35
1 Y dijo Dios a Jacob: “Levántate, sube a Betel y habita allí; y haz allí un altar al Dios que se te apareció cuando huías de la presencia de tu hermano Esaú”.
2 Entonces Jacob dijo a su familia y a todos los que con él estaban: “Quitad los dioses ajenos que hay entre vosotros, purificaos y cambiad vuestros vestidos.
3 Levantémonos y subamos a Betel; y haré allí un altar al Dios que me respondió en el día de mi angustia, y que ha estado conmigo en el camino que he andado”.
4 Así dieron a Jacob todos los dioses ajenos que tenían en su poder, y los zarcillos que colgaban de sus orejas; y Jacob los escondió debajo de la encina que estaba junto a Siquem.
5 Y partieron; y el terror de Dios cayó sobre las ciudades que había en sus alrededores, y no persiguieron a los hijos de Jacob.
6 Y llegó Jacob a Luz (es decir, Betel), que está en la tierra de Canaán, él y todo el pueblo que con él estaba.
7 Y edificó allí un altar, y llamó al lugar El Betel, porque allí se le había revelado Dios cuando huía de la presencia de su hermano.
8 Entonces murió Débora, el ama de Rebeca, y fue sepultada al pie de Betel, debajo de una encina, la cual fue llamada Alón Bacut.

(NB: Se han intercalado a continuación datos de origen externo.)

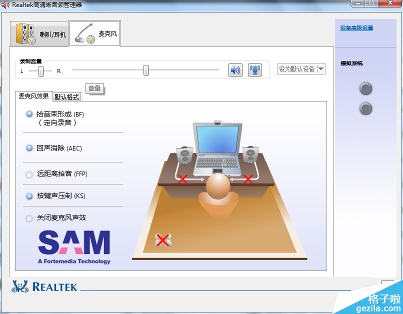 (备注:有些机型的Realtek 高清音频管理器中 会多出一个按键声压制(KS)的选项,如下图所示:

9 Y apareció Dios otra vez a Jacob, cuando había vuelto de Padán Aram, y le bendijo.
10 Y le dijo Dios: “Tu nombre es Jacob; no se llamará más tu nombre Jacob, sino Israel será tu nombre”. Y llamó su nombre Israel.

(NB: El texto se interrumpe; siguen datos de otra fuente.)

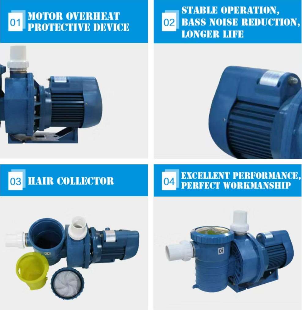 Swimming pool water pump, is suitable for normal swimming pool filtering system, whichcan perform the best function, with high flow and high lift, the heavy duty high performance motor ensures quiet operation, which will not be easily overheated, all the components have the property, ensuring its durable lifespan, and it is the best choice for swimming pool installation.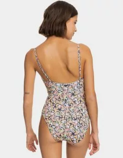 Roxy Beach Classics One-Piece Swimsuit. Made of recycled stretch fabric, this printed Beach Classics swimsuit takes a twist on a classic one-piece with an eye-catching front opening and an adjustable tie closure. Plunge neck. Adjustable rings and sliders straps. Removable bra pads. Medium, high leg coverage. Roxy rubber plate branding. Opening at front with drawstring panels and spaghetti bow. 87% Recycled Nylon, 13% Elastane. Hand wash. Imported.

11 También le dijo Dios: “Yo soy el Dios Omnipotente: crece y multiplícate; una nación y un conjunto de naciones procederán de ti, y reyes saldrán de tus lomos.
12 La tierra que he dado a Abraham y a Isaac, te la daré a ti, y a tu descendencia después de ti daré la tierra”.

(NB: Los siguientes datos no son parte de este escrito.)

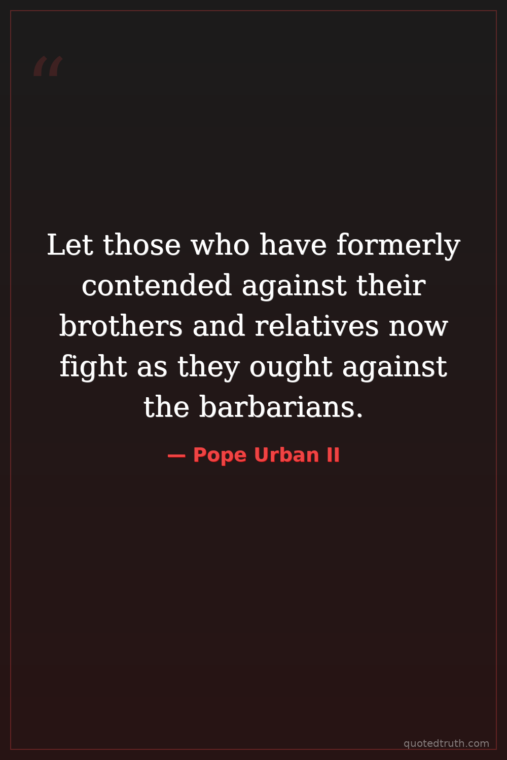 Controversial"Let those who have been accustomed to make private war against the faithful carry on an approved war against the infidels."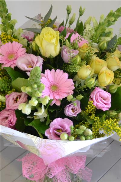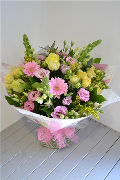 Featuring yellow large headed roses, pink Lisianthus, pale pink gerbera, flowers to tone and with pistache, salal and panicum grass, hand-tied, wrapped and presented in eco gift packaging. Photo depicts medium size.

13 Y Dios se alejó de él, del lugar en donde había hablado con él.
14 Y Jacob erigió un pilar en el lugar donde Dios había hablado con él, un pilar de piedra; y derramó sobre él una libación, y echó sobre él aceite.
15 Y llamó Jacob el nombre de aquel lugar, donde Dios había hablado con él, Betel.
16 Partieron, pues, de Betel; y había aún como media legua de tierra para llegar a Efrata, cuando dio a luz Raquel, y hubo trabajo en su parto.
17 Y aconteció que, como había trabajo en su parto, le dijo la partera: “No temas, que también tendrás este hijo”.
18 Y aconteció que al salírsele el alma (pues murió), llamó su nombre Benoni; mas su padre lo llamó Benjamín.
19 Así murió Raquel, y fue sepultada en el camino de Efrata, la cual es Belén.
20 Y erigió Jacob un pilar sobre su sepultura; este es el pilar de la sepultura de Raquel hasta hoy.
21 E Israel partió, y plantó su tienda más allá de Migdal-eder.
22 Aconteció que, morando Israel en aquella tierra, fue Rubén y durmió con Bilha la concubina de su padre; y lo oyó Israel.
Y los hijos de Jacob fueron doce.
23 Los hijos de Lea: Rubén el primogénito de Jacob, y Simeón, Leví, Judá, Isacar y Zabulón.
24 Los hijos de Raquel: José y Benjamín.
25 Los hijos de Bilha, sierva de Raquel: Dan y Neftalí.
26 Y los hijos de Zilpa, sierva de Lea: Gad y Aser. Éstos son los hijos de Jacob, que le nacieron en Padán Aram.
27 Y vino Jacob a Isaac su padre a Mamre, a la ciudad de Quiriat Arba (que es Hebrón), donde habitaron Abraham e Isaac.
28 Y fueron los días de Isaac ciento ochenta años.
29 Y exhaló Isaac el espíritu, y murió, y fue reunido a su pueblo, anciano y lleno de días; y lo sepultaron Esaú y Jacob sus hijos.